Is India doing enough by way of welfare measures to support those who otherwise lack a safety net during economic shocks associated with the pandemic?

India has a problem that is different to and deeper than the problem that the rich countries have. Rich countries such as the U.S. and Europe have been able to go through massive stimulus packages and the support packages, which have never been seen in history. It is much more difficult for countries that do not have resources like that. India could have printed that money, but then you have other issues to face.

Second, the poor population in India is huge. But it was pointed out from the very early on that the lockdowns are not really a trade-off in the sense that the lockdowns were saving lives and enabling a relatively fast return to economic activity. There is a trade-off on a daily basis but if you maybe extend it to one or two months, the trade-off disappeared.

Does India’s model of capitalism fall between the liberal capitalism of the West and the political capitalism of China, and if so, will it continue to face challenges of inequality and corruption?
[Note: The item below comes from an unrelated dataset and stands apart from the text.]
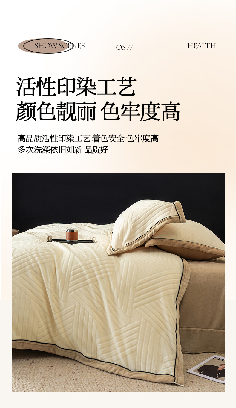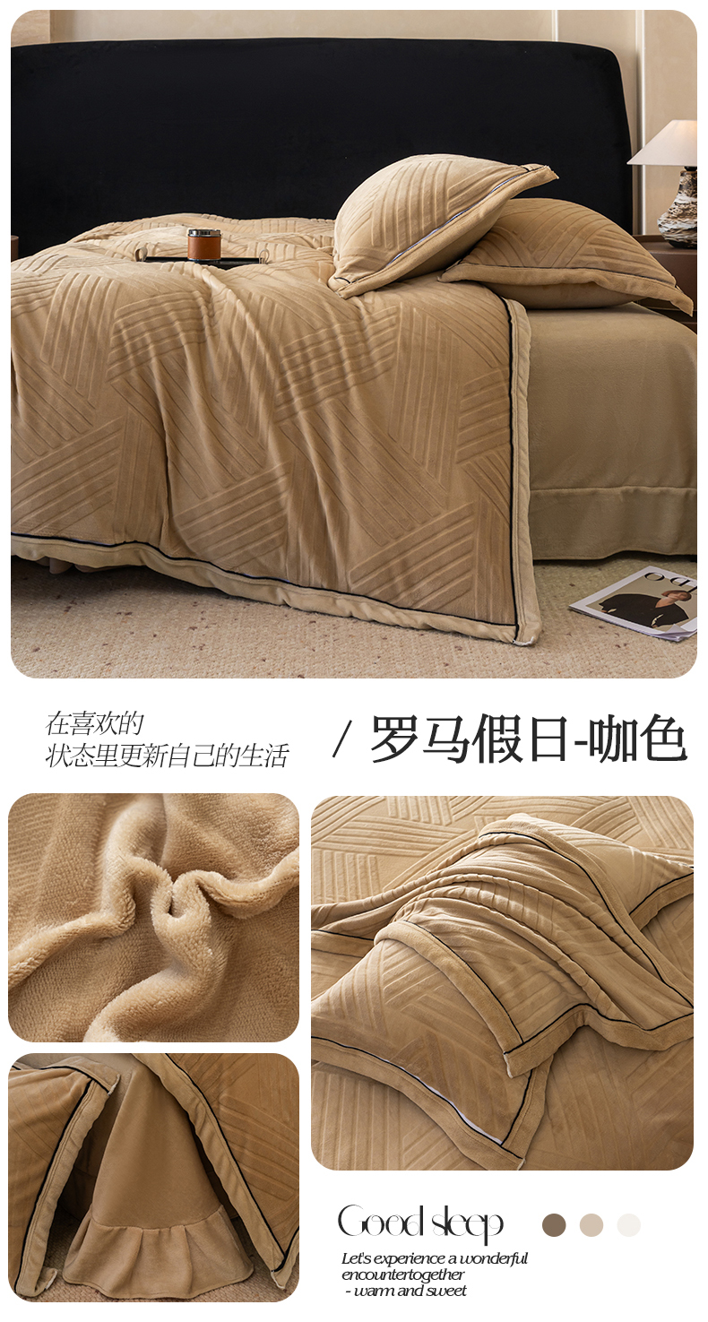 总满座 2025直播爆款高端小方格320克獭兔毛绒立体剪花纯色牛奶绒四件套,奶油咖,典雅灰,蜜桃粉,奶白咖,清新绿,天空蓝,奶油白

It’s not by accident that India had a Planning Commission, given the very strong influence of the Soviet Union in the organisation of the economic sphere, in terms of planning the economy so as to be able to grow faster. That was the similarity which India had in the past. If you look at India today, it is much closer to liberal capitalism because of this political system. But it is also true that under [Prime Minister Narendra] Modi, there are certain features that really make India [akin to] hybrid liberal capitalism, [including] the general emphasis on growth, and disregard of certain democratic norms.